> [Task requirements] Return only the lines of the listing below that run from the line with "选择经期设置,然后即可自定义" through the line with "Slash Neck Asymmetric", both ends included, exactly as written.

> [Provided data]
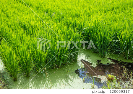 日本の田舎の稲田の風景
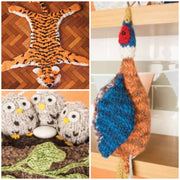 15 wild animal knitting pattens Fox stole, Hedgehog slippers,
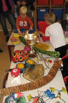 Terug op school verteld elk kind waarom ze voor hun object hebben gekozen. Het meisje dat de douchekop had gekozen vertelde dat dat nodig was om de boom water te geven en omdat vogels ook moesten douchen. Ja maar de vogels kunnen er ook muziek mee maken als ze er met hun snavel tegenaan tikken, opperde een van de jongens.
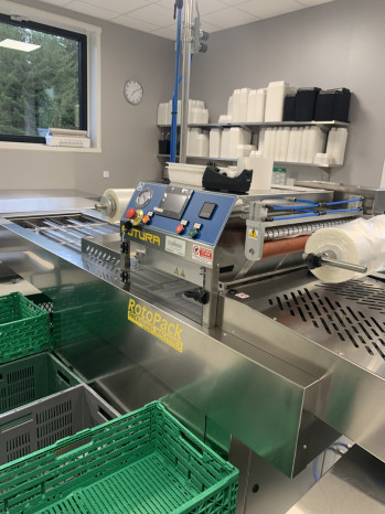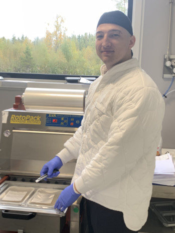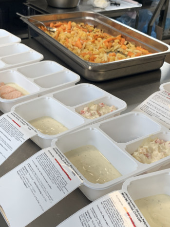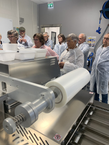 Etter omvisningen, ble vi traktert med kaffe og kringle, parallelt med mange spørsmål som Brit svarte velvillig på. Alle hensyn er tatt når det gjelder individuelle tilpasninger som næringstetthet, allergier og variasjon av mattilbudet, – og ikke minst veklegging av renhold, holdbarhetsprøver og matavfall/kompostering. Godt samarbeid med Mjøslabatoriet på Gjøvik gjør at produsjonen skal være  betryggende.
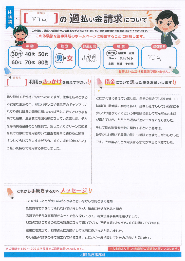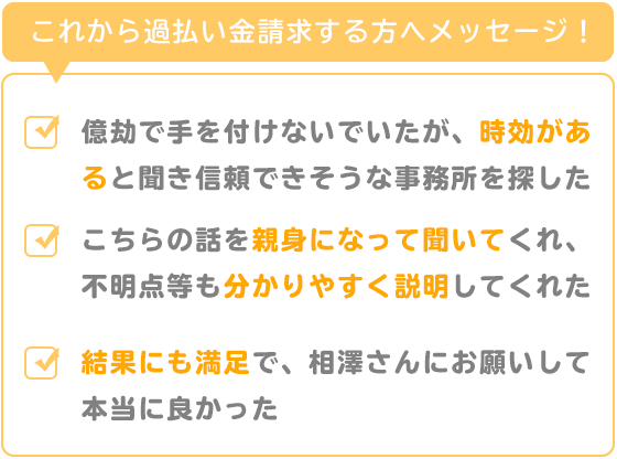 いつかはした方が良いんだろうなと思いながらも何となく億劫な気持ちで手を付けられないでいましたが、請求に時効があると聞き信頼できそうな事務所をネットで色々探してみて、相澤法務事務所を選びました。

==

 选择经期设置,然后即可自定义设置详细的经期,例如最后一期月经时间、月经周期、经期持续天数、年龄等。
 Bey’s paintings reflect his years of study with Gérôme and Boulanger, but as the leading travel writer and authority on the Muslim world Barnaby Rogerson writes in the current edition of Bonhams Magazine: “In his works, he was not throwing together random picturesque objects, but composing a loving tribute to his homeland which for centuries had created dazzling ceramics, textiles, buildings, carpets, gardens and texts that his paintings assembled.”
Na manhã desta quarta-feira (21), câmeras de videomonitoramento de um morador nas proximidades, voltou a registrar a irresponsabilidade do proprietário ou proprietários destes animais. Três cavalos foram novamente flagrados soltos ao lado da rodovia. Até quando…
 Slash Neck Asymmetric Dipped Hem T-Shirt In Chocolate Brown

* * *

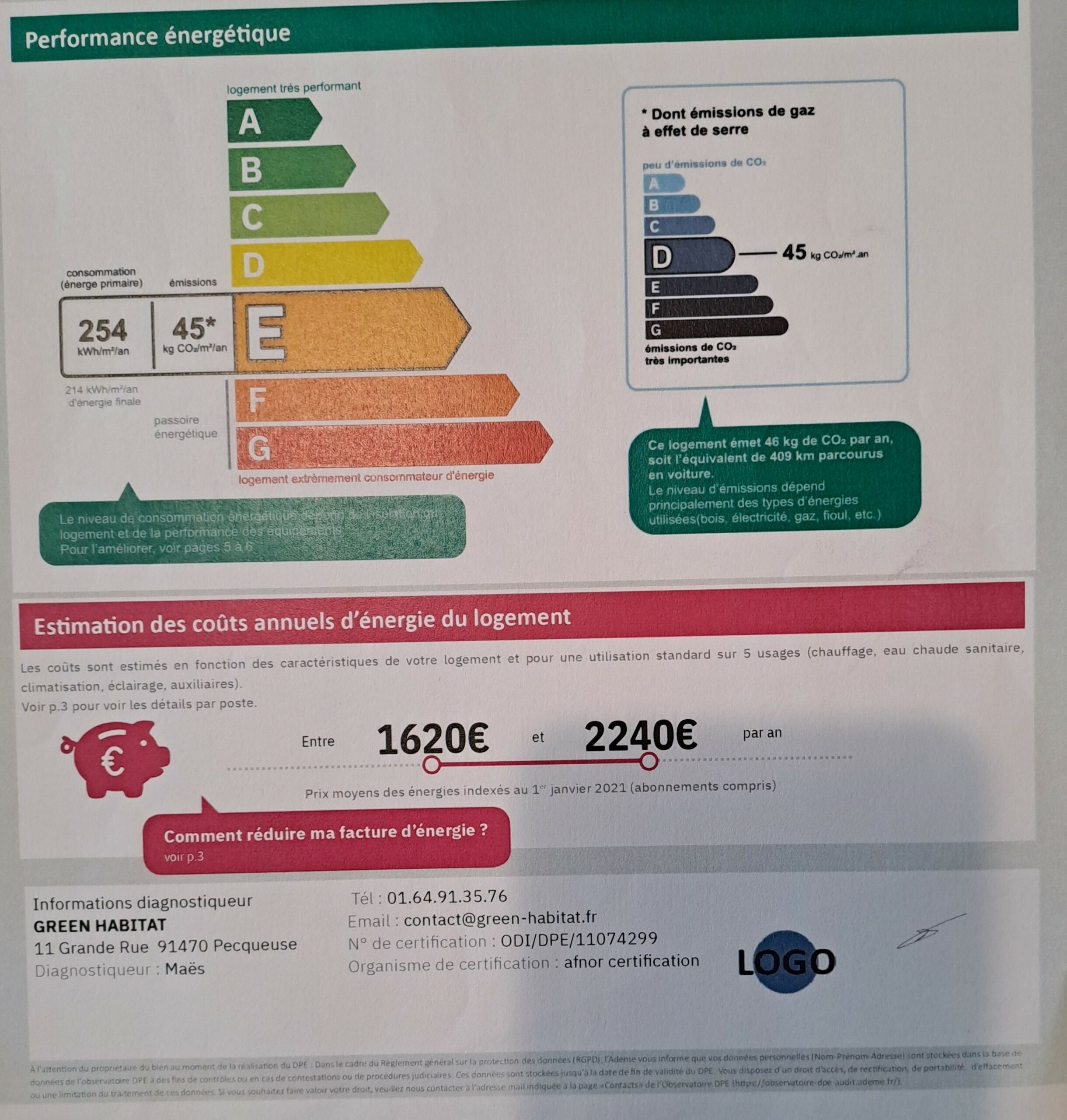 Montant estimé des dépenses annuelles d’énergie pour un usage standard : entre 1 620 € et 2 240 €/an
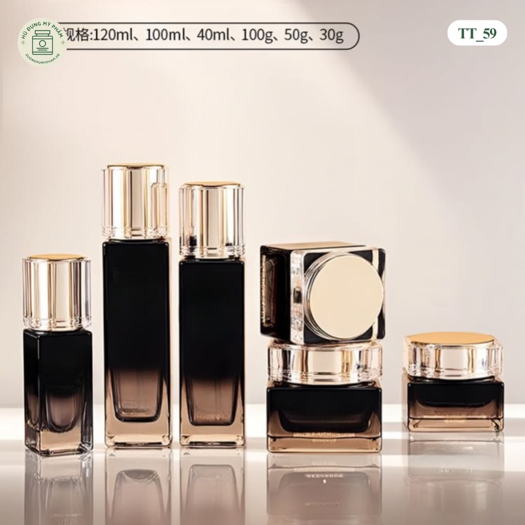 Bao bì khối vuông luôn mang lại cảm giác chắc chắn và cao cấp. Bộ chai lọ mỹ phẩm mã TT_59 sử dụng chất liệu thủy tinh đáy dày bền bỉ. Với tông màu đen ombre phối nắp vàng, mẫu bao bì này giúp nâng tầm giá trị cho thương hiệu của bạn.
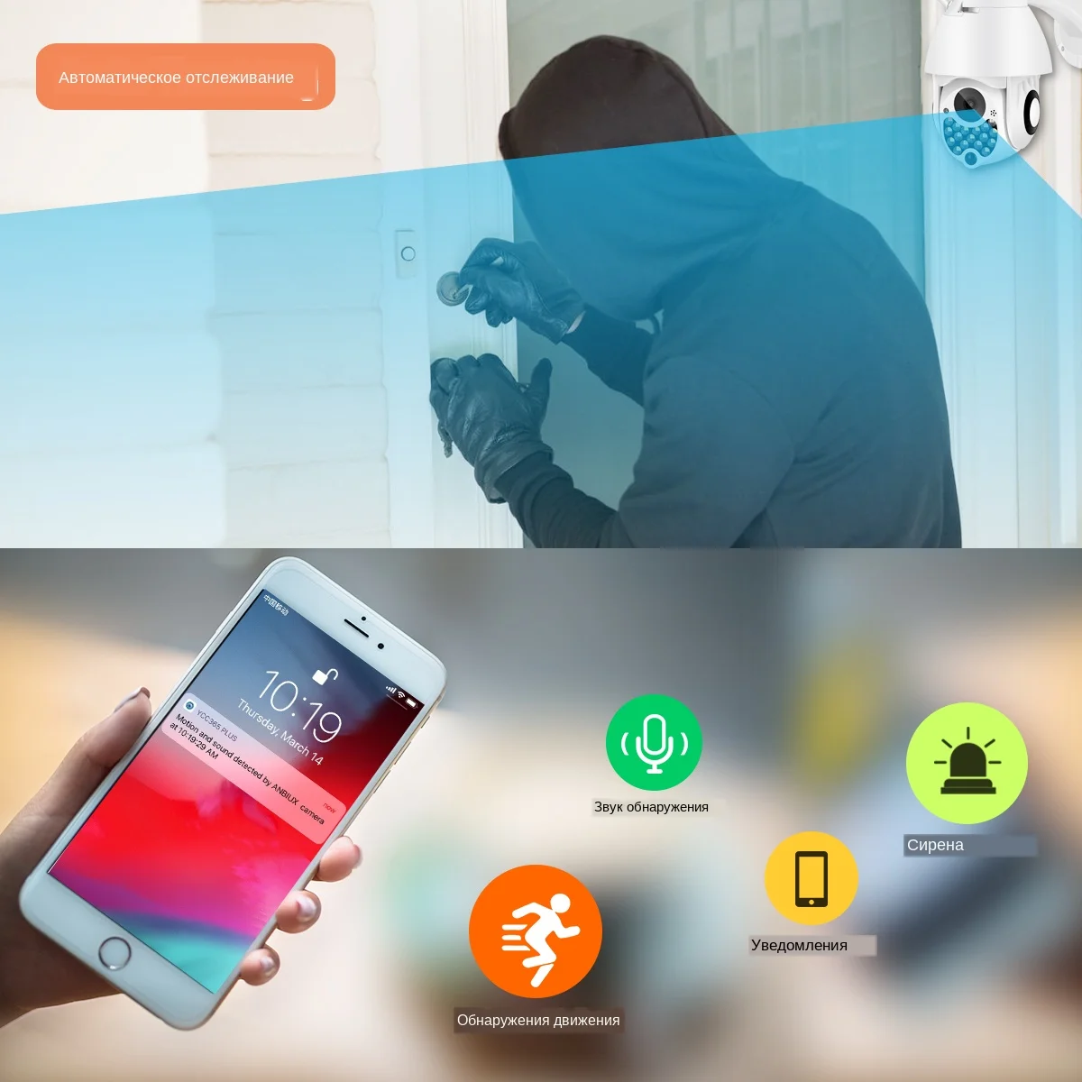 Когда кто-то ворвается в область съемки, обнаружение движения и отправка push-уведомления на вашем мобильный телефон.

> [Answer section]
 选择经期设置,然后即可自定义设置详细的经期,例如最后一期月经时间、月经周期、经期持续天数、年龄等。
 Bey’s paintings reflect his years of study with Gérôme and Boulanger, but as the leading travel writer and authority on the Muslim world Barnaby Rogerson writes in the current edition of Bonhams Magazine: “In his works, he was not throwing together random picturesque objects, but composing a loving tribute to his homeland which for centuries had created dazzling ceramics, textiles, buildings, carpets, gardens and texts that his paintings assembled.”
Na manhã desta quarta-feira (21), câmeras de videomonitoramento de um morador nas proximidades, voltou a registrar a irresponsabilidade do proprietário ou proprietários destes animais. Três cavalos foram novamente flagrados soltos ao lado da rodovia. Até quando…
 Slash Neck Asymmetric Dipped Hem T-Shirt In Chocolate Brown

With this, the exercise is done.